Dennis Knoll schrieb:


> Das fehlt mir auch noch auf der Liste.
> Irgendwann werde ich mir da mal eine Dose besorgen und diese ohne mit der Wimper zu zucken probieren



Das glaube ich nicht ! Da wird Dir noch etwas ganz anderes zucken als nur die Wimpern. |supergri


----------



## Kauli11 (11. Dezember 2017)

*AW: Was geht ums Verrecken nicht durch den Hals?*

Hicks ,sprach der Surströmming,
da bin ich wieder 
und hab noch etwas schönes mitgebracht. 

Schade,kann den Kotxsmiley nicht finden.

#h


----------



## Thomas9904 (11. Dezember 2017)

*AW: Was geht ums Verrecken nicht durch den Hals?*



schlotterschätt schrieb:


> Das glaube ich nicht ! Da wird Dir noch etwas ganz anderes zucken als nur die Wimpern. |supergri



erzähl ....
:q:q:q:q


----------



## Andal (11. Dezember 2017)

*AW: Was geht ums Verrecken nicht durch den Hals?*

Gut gewässert und mit viel Zwiebeln auf einem Butterbrot ist der Surströming doch ganz gut.
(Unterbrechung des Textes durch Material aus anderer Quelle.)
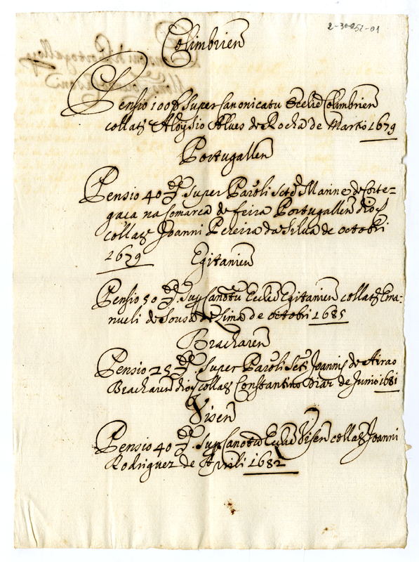 Pensioni di Portogallo per Monsignor Casoni (1679-1682)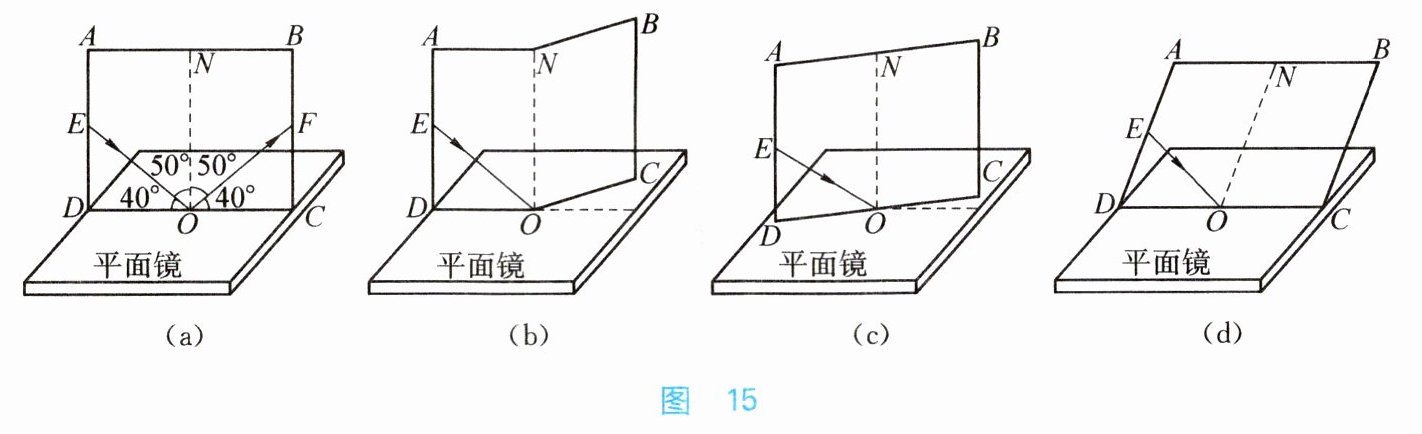 (2)在如图15所示的操作中,操作后在纸板上仍可以看到反射光的是______。

Der ist auch was zum essen und nicht zum nicht zum schnupfen.


----------



## Thomas9904 (11. Dezember 2017)

*AW: Was geht ums Verrecken nicht durch den Hals?*

da hängt einer den Harten raus...
:q:q:q:q


----------



## Andal (11. Dezember 2017)

*AW: Was geht ums Verrecken nicht durch den Hals?*

Gar nicht. Aber meisten stellen sich einfach an und stecken den Zinken in die frisch geöffnete Dose... man frisst ja auch kein Hendl roh aus der Plastiktüte!


----------



## Thomas9904 (11. Dezember 2017)

*AW: Was geht ums Verrecken nicht durch den Hals?*



> man frisst ja auch kein Hendl roh aus der Plastiktüte!


wenns lange genug in der Sonne gegart hätte ;-)))


----------



## Seifert (11. Dezember 2017)

*AW: Was geht ums Verrecken nicht durch den Hals?*



Andal schrieb:


> Gut gewässert und mit viel Zwiebeln auf einem Butterbrot ist der Surströming doch ganz gut. Der ist auch was zum essen und nicht zum nicht zum schnupfen.
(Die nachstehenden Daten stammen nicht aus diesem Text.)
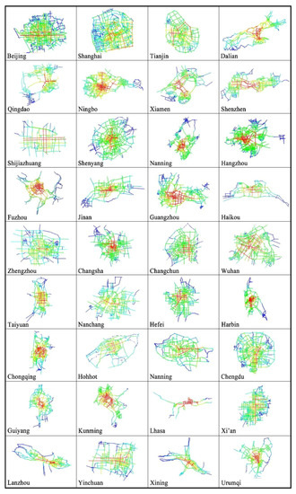 The results of the main syntactic indicators of the road networks of the 36 major cities in China are shown in Table 2. Given a large amount of axis data of the 36 cities, the average of the syntactic indicators was used in the study to represent the level of accessibility in each city. Further, the descriptive statistical values of the 36 city syntax indicators calculated according to data in Table 2 are shown in Table 3. At the same time, according to the numerical value of the Global Integration degree of each road axis, the study used different colors to spatially express it, as shown in Figure 1. The warmer the color was, the greater the Integration value of the road axis was, and the better was the accessibility. Whereas the cooler the color was, the smaller the Integration value of the road axis was, and the worse was the accessibility.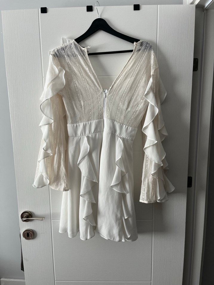 Beyaz Fırfırlı Mini Bohem Uzun Kollu Elbise

Wenn Dich die Pulle Wodka vorab nicht auffe Bretter haut,dann haste Recht!


----------



## Krabat_11 (11. Dezember 2017)

*AW: Was geht ums Verrecken nicht durch den Hals?*



horst&monika schrieb:


> Puh, schwierig, grundsätlich probiere ich erstmal alles, Genauso esse ich auch fast alles. Mir fällt jetzt nichts ein, was ich nicht mag. #c Da muss ich jetzt wohl mal länger darüber nachdenken. |kopfkrat



So geht es mir auch


----------



## DrDosenbier (12. Dezember 2017)

*AW: Was geht ums Verrecken nicht durch den Hals?*



Thomas9904 schrieb:


> wenns lange genug in der Sonne gegart hätte ;-)))



Bähhh, da hatte ich mal ein widerliches Erlebnis. An einem echt heißen Tag war ich in Kreuzberg bei Plus (heute Netto). Zwei Mann vor mir an der Kasse hatte einer ein Hähnchen aus der Frischetheke auf dem Band. Als ich auf den Parkplatz kam, saß er in seinem Auto und säbelte an dem rohen Teil rum und pfiff sich das ein.


----------



## Thomas9904 (12. Dezember 2017)

*AW: Was geht ums Verrecken nicht durch den Hals?*

Mahlzeit ....
brrrrr.. un das vorm Frühstück.

DAS gehört nun definitiv zu dem, was ich NICHT essen würde..


----------



## wusel345 (12. Dezember 2017)

*AW: Was geht ums Verrecken nicht durch den Hals?*

Alles was mit Innereien zu tun hat.


----------



## JimiG (12. Dezember 2017)

*AW: Was geht ums Verrecken nicht durch den Hals?*

Tomaten und deren Saft. Das wurde mir als Kind einmal versucht in der Reha gewaltsam einzuflößen, danach nie wieder denn das was drin war war noch schneller wieder draußen.


----------



## Vincent_der_Falke (12. Dezember 2017)

*AW: Was geht ums Verrecken nicht durch den Hals?*

Vor allem Geflügel roh essen, sehr schlau#q


----------



## Gelöschtes Mitglied 150887 (12. Dezember 2017)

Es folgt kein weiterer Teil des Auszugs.